On the 23rd of April 1927, Fred Keenor climbed the famous Wembley steps to receive the FA Cup from the King. His team, Cardiff City, had become the first, and as yet the only, Welsh team to win the coveted trophy.

The victory was a momentous and much celebrated occasion in the history of Wales. That morning a Welsh newspaper had printed a picture of the Cardiff City captain knocking Lloyd George off a pedestal labelled `the most important man in Wales'. The game made Keenor a Welsh national hero in a way that the rugby stars that preceded him had not been. South and north celebrated Cardiff City's achievement and Fred Keenor was at the centre of that triumph.

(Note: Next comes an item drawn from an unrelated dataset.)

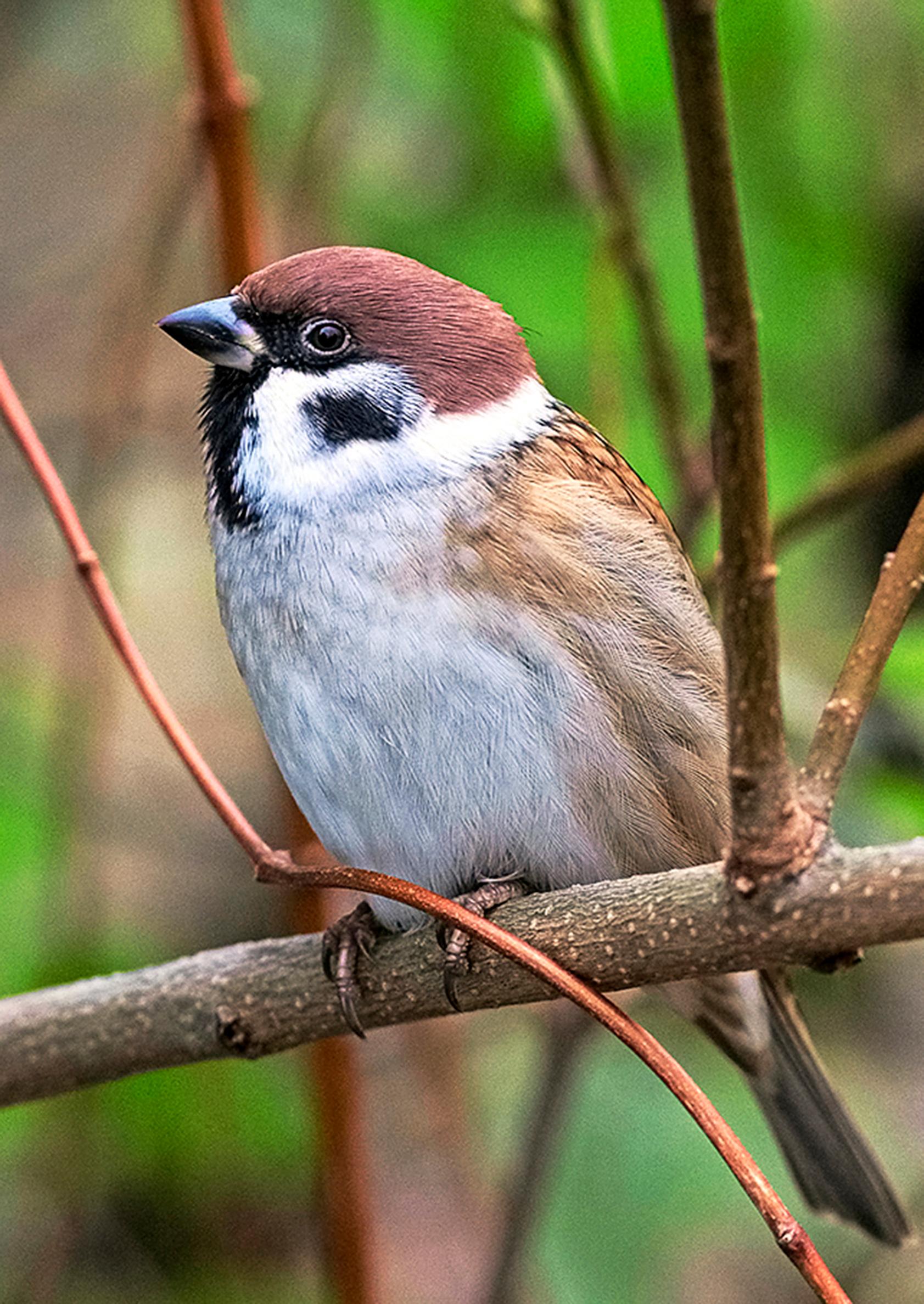 Tuntomerkit: Ruskea, etenkin päälaki puhtaan ruskea. Poskessa musta laikku valkealla pohjalla. Äänet iloisia ja sointuvia. Aavistuksen varpusta pienempi.
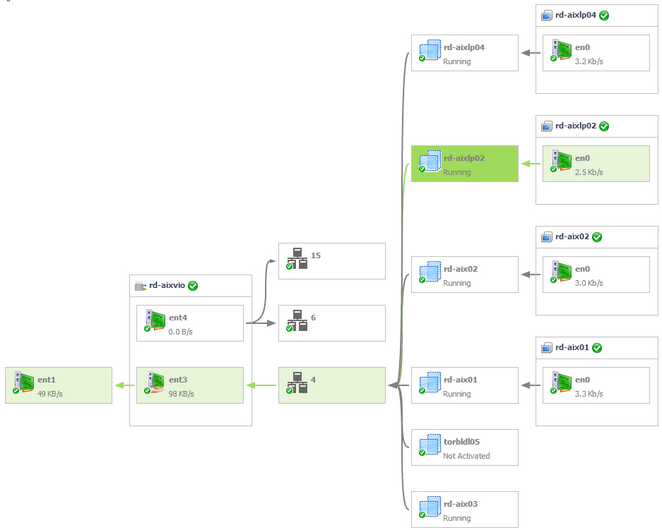 To navigate to dependency views, in the Selected Service PowerVM view, select a PowerVM® partition, managed server, or PowerVM VIOS, and click Explore. Open the Memory tab (managed servers only), Storage tab, or Network tab, and then open the Dependencies tab.

During the inter-war years, Keenor's name was synonymous with Cardiff City. His playing career with the club spanned almost two decades, from his signing as a seventeen-year-old amateur in 1912, until his release in 1931. In those years, he made 504 appearances for the club, many as captain, who also won thirty-one caps for Wales. So often the linchpin and inspiration of both club and country, he played for Cardiff City through its rise from the Southern League to FA Cup winners, as well as leading Wales to the home championship. By the time he retired from playing, he had become something of a legend in Welsh soccer., Keenor's career sheds further light on the nature of inter-war soccer stars. By looking at what made Keenor popular and then what he came to symbolise, a different kind of footballing hero is uncovered.

Frederick Charles Keenor, the son of a bricklayer and mason, was born in Cardiff in July 1894. His rise to the status of professional footballer followed the conventional path of so many of his contemporaries. His first taste of organised soccer was at schoolboy level where he won a variety of honours. He captained his Elementary School team to a local league championship and played in both his city's and country's representative schoolboy sides. Upon leaving education he found work but continued playing in the Cardiff and District League. His improving ability eventually came to the attention of the young Cardiff City club. In 1912, aged seventeen, Keenor was `pounced upon' after a game in a local park by one of his former schoolmasters who was now a Cardiff City director. He was pressured into signing amateur terms for the club and, by the end of the year, had turned professional for a weekly wage of ten shillings. Like so many Edwardian footballers, he continued to work outside the game as well as playing. With his two wages he said that he felt like a millionaire. His professional career developed slowly with only limited opportunities in the senior side but then, just as he was beginning to establish himself in the first-team, war was declared. By 1915, more because of falling attendances and practical difficulties than moral pressure, soccer relented to the conditions of wartime and suspended competitive fixtures. The situation left Keenor and other players out of work. With little alternative, he followed the call-to-arms and enlisted.

Like so many of his generation the Great War scarred Keenor, both physically and mentally, for the rest of his life. He served in the 17th Middlesex Battalion (the Footballers' Battalion) and was injured at the Somme in 1916. A sergeant-major told Keenor that he was the worst rifle marksman that he had ever met. His rifle skills apparently reflected his shooting with the ball since he was later told that he was just about the worst shot in the Football League. A leg wound he received later in the war threatened to end his footballing career before it had really started but it healed and Keenor survived the conflict. After being demobbed, he found work in a gasworks and on a milk round, but unlike many of his contemporaries, this insecure situation was to be only temporary and Keenor rejoined Cardiff City when professional soccer recommenced in 1919.